Mahalanobis squared distances between the units and the group means are calculated from the canonical variate scores. Each unit is then allocated to the group for which it has the smallest Mahalanobis squared distance to the group mean.
There are two internal procedures _DISAXSCALE
and _DISENCLOSE
.
Action with RESTRICT
The input variates and factor may be restricted. The restrictions must be identical. The canonical variates analysis is based only on the units not excluded by the restriction and having non-missing values for all data variates. Scores are calculated for all the units with a complete set of non-missing values, however these are based only on the non-excluded units: i.e. the adjustments for the canonical variate scores are calculated from the non-excluded units, and the loadings used to calculate the scores are those from the canonical variates analysis.
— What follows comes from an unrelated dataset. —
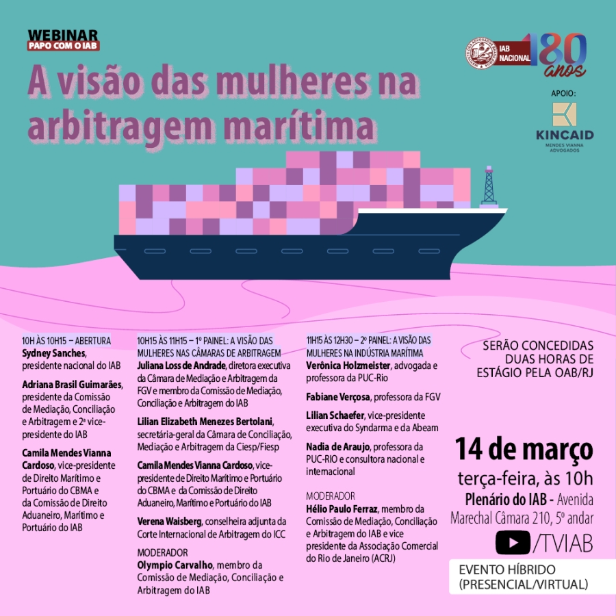 A visão das mulheres nas Câmaras de Arbitragem é o primeiro tema do debate, que terá as contribuições da diretora executiva da Câmara de Mediação e Arbitragem da FGV, Juliana Loss de Andrade, da secretária-geral da Câmara de Conciliação, Mediação e Arbitragem da Ciesp/Fiesp, Lilian Elizabeth Menezes Bertolani, e de Camila Mendes Vianna Cardoso. O segundo painel, intitulado A visão das mulheres na indústria marítima, será conduzido pela advogada e professora da PUC-Rio Verônica Holzmeister, pela professora da FGV Fabiane Verçosa, pela vice-presidente executiva do Syndarma e da Abeam, Lilian Schaefer, e pela professora da PUC-Rio e consultora nacional e internacional Nadia de Araujo.

If there is a restriction in place, the count
setting of the PRINT
option will produce two parallel tables, one with the number of units in the training set and another with the number of units if the data were not restricted. The table setting of the PRINT
option will produce two tables, one using only those units present in the training set and another for those units excluded by the restriction.
If the restriction results in levels of the GROUPS
factor being unrepresented in the training set, the group centroids for these levels are estimated from the scores of the units that were excluded and the levels will be included in the GDISTANCE
symmetric matrix. The DISTANCES
parameter will include the distances to all the centroids, including those levels not in the training set. The ALLOCATION
parameter will allocate to the nearest centroid even if it was not in the training set (as distinct from the NEWGROUPS
factor).
For levels and units in the training set, plotted means are marked with symbol 1 (×) and the units with symbol 3 (+). Means for levels and units excluded by the restriction are plotted with symbols 19 and 20 respectively. Units with a missing GROUPS
value are plotted with symbol 18 if not in the excluded set otherwise symbol 21 is used. Polygons are not drawn around groups excluded from the training set by a restriction.
References
Klecka, W.R. (1980). Discriminant Analysis (Quantitative Applications in the Social Sciences). Sage Publishing, Newbury Park, California.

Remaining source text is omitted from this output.